While KPRB is a broad resource, Bauck said that the biobank has a cancer cohort and a pregnancy cohort. It has also collected some data about COVID-19 that it is working to integrate with a larger NIH effort to assess genetics and COVID.

McGlynn said that many biobank participants volunteered for altruistic reasons that might benefit future generations, not to realize any immediate benefit to their own health.

However, members could benefit in the short term from research into the connection between genetics and the environment.

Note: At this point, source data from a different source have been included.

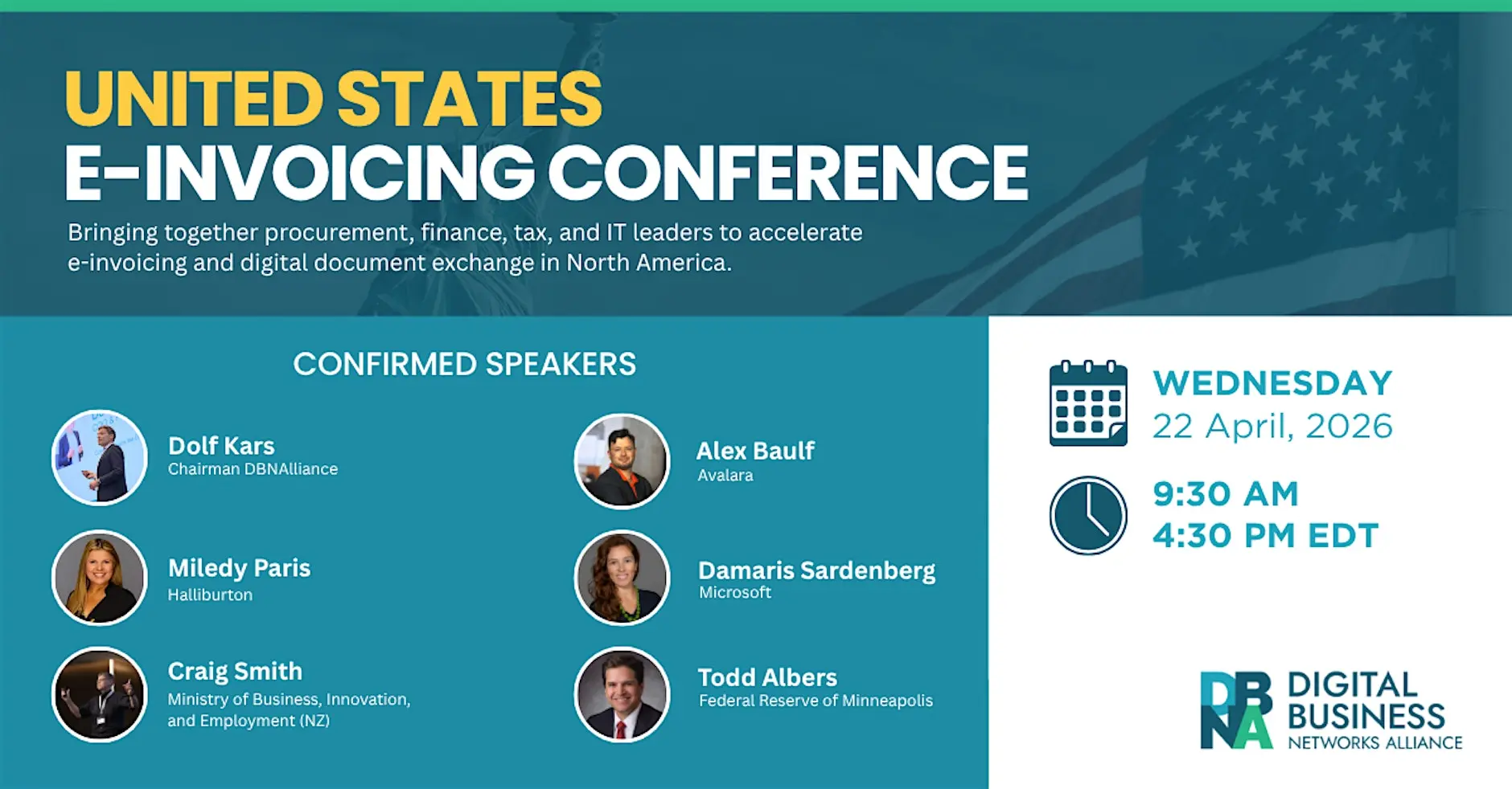 In addition to these technical topics, the conference will also cover how businesses can prepare for future compliance requirements, what a U.S. e-invoicing network could look like, and how global standards can be adapted to fit the U.S. market.
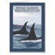 Orca Whales #1 - Vrijdaghaven, Washington - Vintage Travel Poster werd in 2007 opgericht. Dit afbeelding toont scènes van de Vrijdag Harbour, WA.
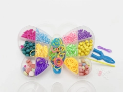 Gestalten Sie originelle Armbänder, Anhänger und Dekorationen mit dem Loom-Band-Set. Das Herz des Sets ist eine praktische Box in Blumenform, die die Komponenten übersichtlich ordnet. Dank der vielfältigen Palette an Gummibändern und Perlen kombinieren Sie Farben und Stile mühelos – ob für sich selbst oder als Geschenk.
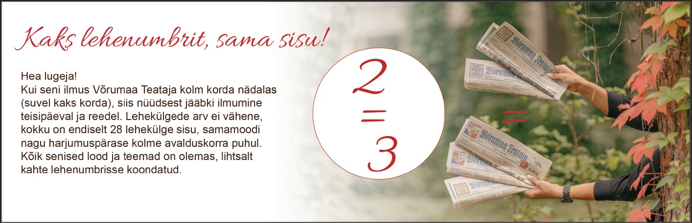annab Sulle kõigile Võrumaa Teataja artiklitele piiramatu lugemisõiguse. - Portaal digileht.vorumaateataja.ee

Mentioning the wildfires that have ravaged the US West Coast this month, McGlynn suggested that the data could help in studies of the effects of genetics on illnesses related to poor air quality that some Kaiser researchers are planning.

"We're in many different parts of the country and really have the opportunity to have a fairly rich dataset that will help us understand the degree to which insights that we get apply to a broader population," McGlynn said. She expressed hope that this information will be integrated into the health system's broader strategies for population health management.

"It's a long-term bet. It's not an immediate thing, but it really is trying to leverage our research to ensure that the data and information that's made for future clinical decisions is applicable to our diverse membership," McGlynn said.

"The thing we always talk about in implementation science is to try to shorten the timeline" between discovering an innovation that could help Kaiser members and moving it into regular use, McGlynn added. "How do we make that more seamless, the connections between research and the clinical and operational enterprise?"